At the request of John Baptist Miège, Vicar Apostolic of Leavenworth, two Benedictine monks arrived in Atchison from Doniphan and opened St. Benedict's College, a boarding school, in 1858. It was named for Benedict of Nursia, founder of modern western monasticism. The mainly classical school curriculum was intended to prepare students for the priesthood. The monks, who had recently arrived in the Kansas Territory, then moved their community to Atchison and founded the present-day St. Benedict's Abbey. It expanded to include commerce subjects to cater to the needs of the local population, which was primarily pioneers and settlers. Over the years the college continued to expand and by 1927 it was an accredited four-year liberal arts college.

In 1863, the Benedictine Sisters of Mount St. Scholastica, whose namesake is Benedict of Nursia's twin sister Scholastica, arrived in Atchison and founded St. Scholastica's Academy (now Maur Hill–Mount Academy) for local young women. In 1924, Mount St. Scholastica's Junior College was opened so these young women could continue their tertiary education. It became a senior college in 1932 and was authorized to confer bachelor degrees.

In 1970, Alcuin Hemmen, president of St. Benedict's College, announced that St. Benedict's would become a co-educational college. Mary Noel Walter, president of Mount St. Scholastica College, had been proposing a merger of the two colleges for over a year. Following Alcuin's announcement, Walter organized discussion of a merger. It was agreed upon, and the universities merged on July 1, 1971, to form the current Benedictine College. The separate colleges' corporations remain in existence for scholarships and land ownership purposes and allowed the newly formed college a free 50-year lease of the separate colleges' facilities on their campuses. Benedictine College terminated the lease of the facilities from Mount St. Scholastica College on October 1, 1989, amidst financial hardship. It continues to lease property from St. Benedict's College.

===Presidents===
- Mary Noel Walter (Acting, July 1, 1971, to February 12, 1972)
- Gerard Senecal (February 12, 1972, to May 29, 1987)
- Katherine Delaney (Acting, May 29, 1987, to 1988)
- Thomas O. James (1988 to 1995)
- Daniel J. Carey (1995 to 2003)
- Stephen D. Minnis (2004 to present)

==Academics==
The most popular majors at Benedictine are Business, Education, and Theology. Commerce, teaching, and the faith are historically significant interests of both the college and the Benedictine order.

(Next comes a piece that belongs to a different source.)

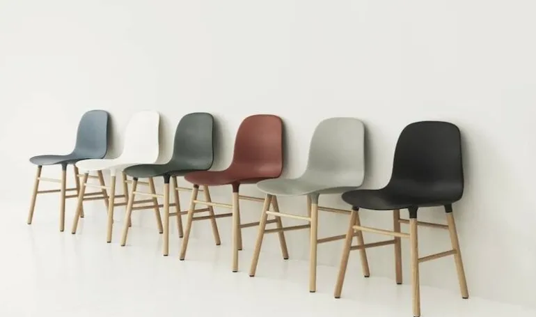 De Form Chair van designer Simon Legald behoort tot de prachtige eigentijdse collectie van het Deense designmerk Normann Copenhagen. De Form chair heeft een stevig eiken frame met een kunststof zitting en is leverbaar in diverse moderne kleuren.

The School of Business offers bachelor's degrees and an MBA degree. Similarly, the Education Department offers undergraduate licensure programs and a Master of Arts.

The college's theology department grew out of St. Benedict's Abbey School of Theology and is the result of a 2007 shift from a Religious Studies program to a Catholic Theology program. All Theology professors are to have signed the canon-law mandatum as implemented by the U.S. bishops, and to take the oath of fidelity. The National Catholic Register's Catholic Identity College Guide notes that the president has made a public profession of faith and taken the oath of fidelity; the majority of the board of trustees are Catholic and the school's mandatum requirement is public. According to the Cardinal Newman Society's "The Newman Guide to Choosing a Catholic College" guide, the theology department shares the college's institutional commitment to the magisterium of the Catholic Church.

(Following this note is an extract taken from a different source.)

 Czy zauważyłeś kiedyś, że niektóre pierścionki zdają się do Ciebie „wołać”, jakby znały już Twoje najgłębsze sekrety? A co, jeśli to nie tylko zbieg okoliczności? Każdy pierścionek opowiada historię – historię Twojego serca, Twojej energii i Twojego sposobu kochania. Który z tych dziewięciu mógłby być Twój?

In 2010, Benedictine College added an Engineering Department in which students earn ABET-accredited degrees. The following year, the college added a nursing program dedicated to Mother Teresa of Calcutta who once visited Mount St. Scholastica in Atchison. The college's architecture major, stressing classical styles, debuted in 2016.

The college's Discovery Program gives students the opportunity to create and present original projects in any discipline. In 2010, Discovery Day included 80 presentations featuring the works of 145 students, 40 faculty/staff members, and 18 academic departments; "more than 1800 students have participated in Benedictine’s Discovery Day events since its inception in 1996. In that time, most faculty members and academic departments have taken an active role in sponsoring student projects."

===Performing arts===
The college offers programs in the performing arts, including theatre, dance, and music. The college features two performance spaces: the Mabee Theatre seats approximately 130 and the O'Malley-McAllister Auditorium seats around 545 people. The Abbey Church and St. Scholastica chapel at Mount St. Scholastica Monastery are also utilized for organ recitals, orchestra, and choral performances.

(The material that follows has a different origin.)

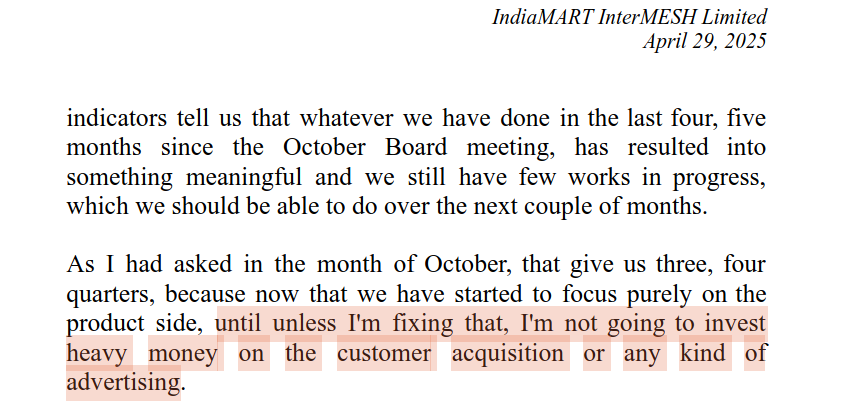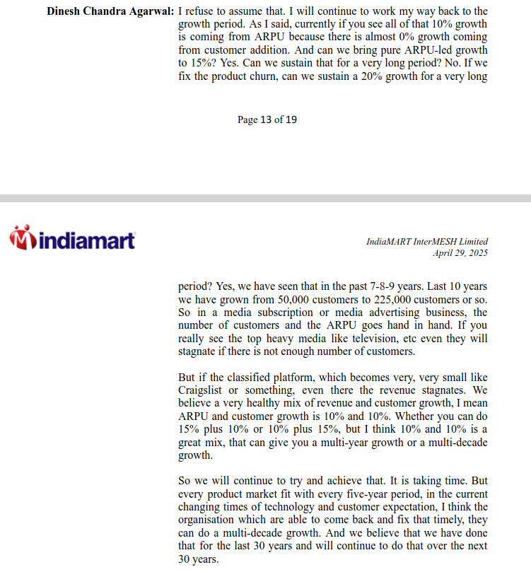 I had entered Indiamart during covid and by sheer luck exited at the peak making good profits. After that it started a slow downward journey. I have again started tracking Indiamart for last 4-6 quarters. Management is trying very hard to find root causes for low growth and address them to get back to higher growth they have not been very successful as yet. I understand it is cash generating business available at relatively reasonable valuations (in context of growth struggles). Would it be possible for you to share your thesis for Indiamart?

The college's music department traces its roots to Mount St. Scholastica Academy, now Maur Hill–Mount Academy, when in 1863 the Benedictine sisters were said to have first purchased a house and then a piano. The music department of the college was one of the first cooperative departments between the former two colleges, having been formed in 1964.

==Faith life==
Mass is offered to students three times daily in several places, including St. Benedict's Abbey in its Abbey Church, St. Benedict's Church (a parish connected to one of the campus dorms, Elizabeth Hall), and Guadalupe chapel (located in the Abbey Crypt under the main church). The Fellowship of Catholic University Students (FOCUS), a Catholic collegiate leadership apostolate, was founded at Benedictine College by Curtis Martin. Other active religious groups on campus include Communion and Liberation, Pax Christi, Ravens Respect Life, a Knights of Columbus council, Partners in Prayer (in conjunction with Mount St. Scholastica), Great Adventure Bible Timeline, Fellowship of Christian Athletes, Households and Varsity Catholic.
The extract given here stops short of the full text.